§ BRIEF: Quote exactly and only this range of lines in the data below: the line that holds "Frederique Constant Slimline" to the line that holds "Diamond Cut Bridal", both included.

Items from a dataset:
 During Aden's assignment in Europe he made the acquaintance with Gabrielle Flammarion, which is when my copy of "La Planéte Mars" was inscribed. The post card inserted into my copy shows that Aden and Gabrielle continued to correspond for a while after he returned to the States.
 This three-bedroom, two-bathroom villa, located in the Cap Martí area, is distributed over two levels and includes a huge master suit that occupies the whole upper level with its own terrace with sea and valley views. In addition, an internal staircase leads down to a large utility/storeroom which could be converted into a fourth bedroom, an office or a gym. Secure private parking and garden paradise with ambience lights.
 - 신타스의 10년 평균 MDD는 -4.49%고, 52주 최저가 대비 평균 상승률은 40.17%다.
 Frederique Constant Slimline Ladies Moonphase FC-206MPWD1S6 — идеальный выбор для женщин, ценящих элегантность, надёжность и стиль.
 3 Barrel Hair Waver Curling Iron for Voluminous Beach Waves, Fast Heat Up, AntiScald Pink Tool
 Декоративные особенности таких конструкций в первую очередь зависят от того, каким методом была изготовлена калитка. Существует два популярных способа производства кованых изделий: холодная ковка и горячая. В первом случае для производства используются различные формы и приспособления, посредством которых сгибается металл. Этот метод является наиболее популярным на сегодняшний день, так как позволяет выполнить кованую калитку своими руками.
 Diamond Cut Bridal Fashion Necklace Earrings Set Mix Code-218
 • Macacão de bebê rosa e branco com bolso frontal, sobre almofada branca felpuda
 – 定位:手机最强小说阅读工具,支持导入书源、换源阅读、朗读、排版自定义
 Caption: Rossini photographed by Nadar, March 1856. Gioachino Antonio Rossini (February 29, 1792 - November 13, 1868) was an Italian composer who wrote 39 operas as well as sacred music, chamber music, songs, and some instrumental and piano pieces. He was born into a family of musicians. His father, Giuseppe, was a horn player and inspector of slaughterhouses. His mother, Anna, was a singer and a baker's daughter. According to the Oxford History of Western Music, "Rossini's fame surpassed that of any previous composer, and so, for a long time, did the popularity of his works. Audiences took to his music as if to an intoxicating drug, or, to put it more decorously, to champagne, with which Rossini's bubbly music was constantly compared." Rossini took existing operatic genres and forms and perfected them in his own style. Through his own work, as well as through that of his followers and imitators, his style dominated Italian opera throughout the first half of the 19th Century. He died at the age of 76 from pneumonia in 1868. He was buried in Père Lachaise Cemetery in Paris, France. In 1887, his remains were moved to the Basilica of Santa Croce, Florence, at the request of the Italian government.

§ TASK RESULT:
 Frederique Constant Slimline Ladies Moonphase FC-206MPWD1S6 — идеальный выбор для женщин, ценящих элегантность, надёжность и стиль.
 3 Barrel Hair Waver Curling Iron for Voluminous Beach Waves, Fast Heat Up, AntiScald Pink Tool
 Декоративные особенности таких конструкций в первую очередь зависят от того, каким методом была изготовлена калитка. Существует два популярных способа производства кованых изделий: холодная ковка и горячая. В первом случае для производства используются различные формы и приспособления, посредством которых сгибается металл. Этот метод является наиболее популярным на сегодняшний день, так как позволяет выполнить кованую калитку своими руками.
 Diamond Cut Bridal Fashion Necklace Earrings Set Mix Code-218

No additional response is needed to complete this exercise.